Much like Donald Trump, Sarah Palin is great at generating press attention. The ongoing “will she or won’t she run” question is sure to lure the media until a decision is finally announced. But ultimately will this be a successful tour? Or just another thing Palin did that got a lot of attention during a slow news period?
“Palin continues to say that she’s waiting to make up her mind on running for president, but her aides have indicated that a favorable response to the bus tour would push her closer toward a campaign,” writes Politico. And she has said that her campaign would be “unconventional.”
But with no clear goal established — what would be a favorable response, especially since she’s keeping the media at arms length? — it’s hard to tell what the measure for success will be.
When she’s got the media’s attention, she gives her answers to questions about issues like the economy and energy a test drive. But, of course, these answers aren’t really substantive, sticking with some variation of “cut spending” and “America is the best.”
The Christian Science Monitor also rightfully points out in a story called “Sarah Palin bus tour: What’s the point?” that the tour gives her the chance to tightly manage media coverage. So far, only Fox has gotten an interview with her. Meanwhile, the other potential or declared candidates are all over the news saying all sorts of who knows what. Rep. Michele Bachmann The Washington Post says, “comes across as serious and focused on her mission. That is, running for the GOP nomination for president.”
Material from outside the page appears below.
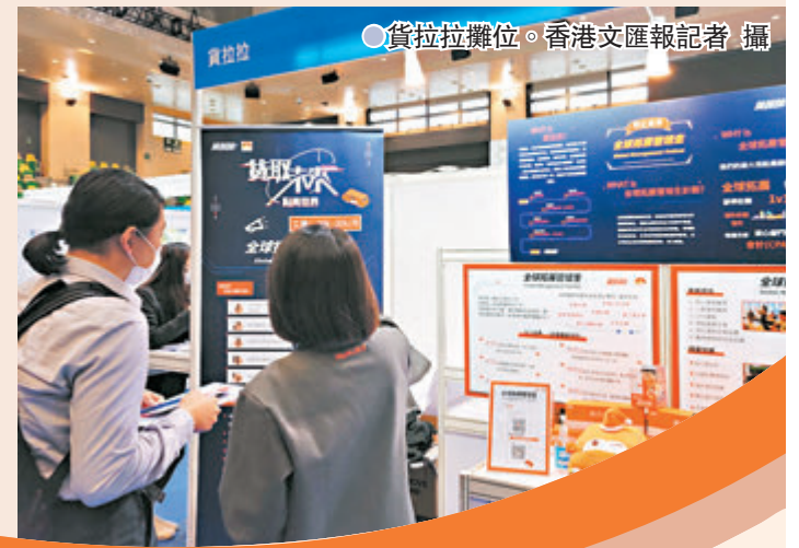
貨拉拉攤位。

獲廣東省政府及香港特區政府資助的「大灣區青年就業計劃」，昨日起一連兩日於旺角麥花臣場館和網上同時舉行招聘博覽，提供逾800個職位。其中，實體招聘會全日吸引328名港青到場，爭取高達3萬港元的「筍工」。不少求職者表示，對灣區就業前景充滿信心，更有求職者雖然已獲香港金融機構聘用，但為使事業再上一層樓，願放棄香港職位到灣區闖關；也有應徵者表示，香港經濟連連受暴力衝擊及新冠疫情拖累，短中期內的發展前景較灣區遜色，故希望北上創一番事業。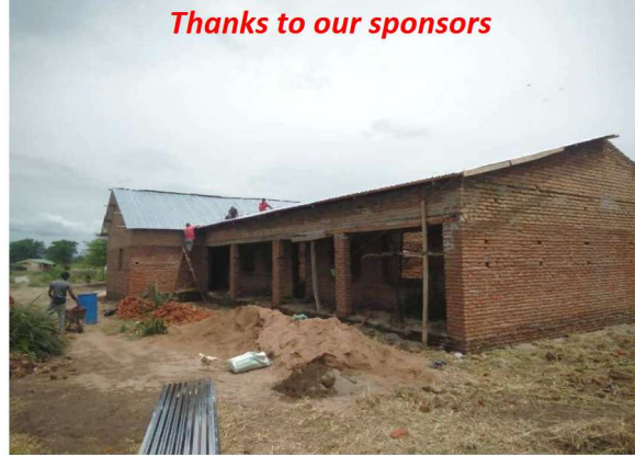
It was a mazing, a big structure was completed .it is on a high ground, it was a biggest structure in Ngalamo village. 'thanks to our sponsors'

And that’s really where this sort of publicity game playing can backfire, as it did in the case of Donald Trump.
A different Post story quotes one Republican insider, who says this tour is “a joke.” And another who says she’s not running, but trying to be both “everything and nothing.”
“She just repeats what Republicans already believe, in an emotional and energetic way,” said a GOP strategist Alex Castellanos. “But when she leaves, republican voters are left right where they were standing when she entered the room.”
To that end, a recent Gallup poll found that despite having tremendous name recognition among Republican voters, her approval rating is only at 48 percent. On the other hand Rep. Bachmann (and former Godfather’s Pizza CEO Herman Cain) are generating “the strongest positive reactions.”
Fittingly, there’s word now that Palin will meet with Trump tonight while she’s in New York.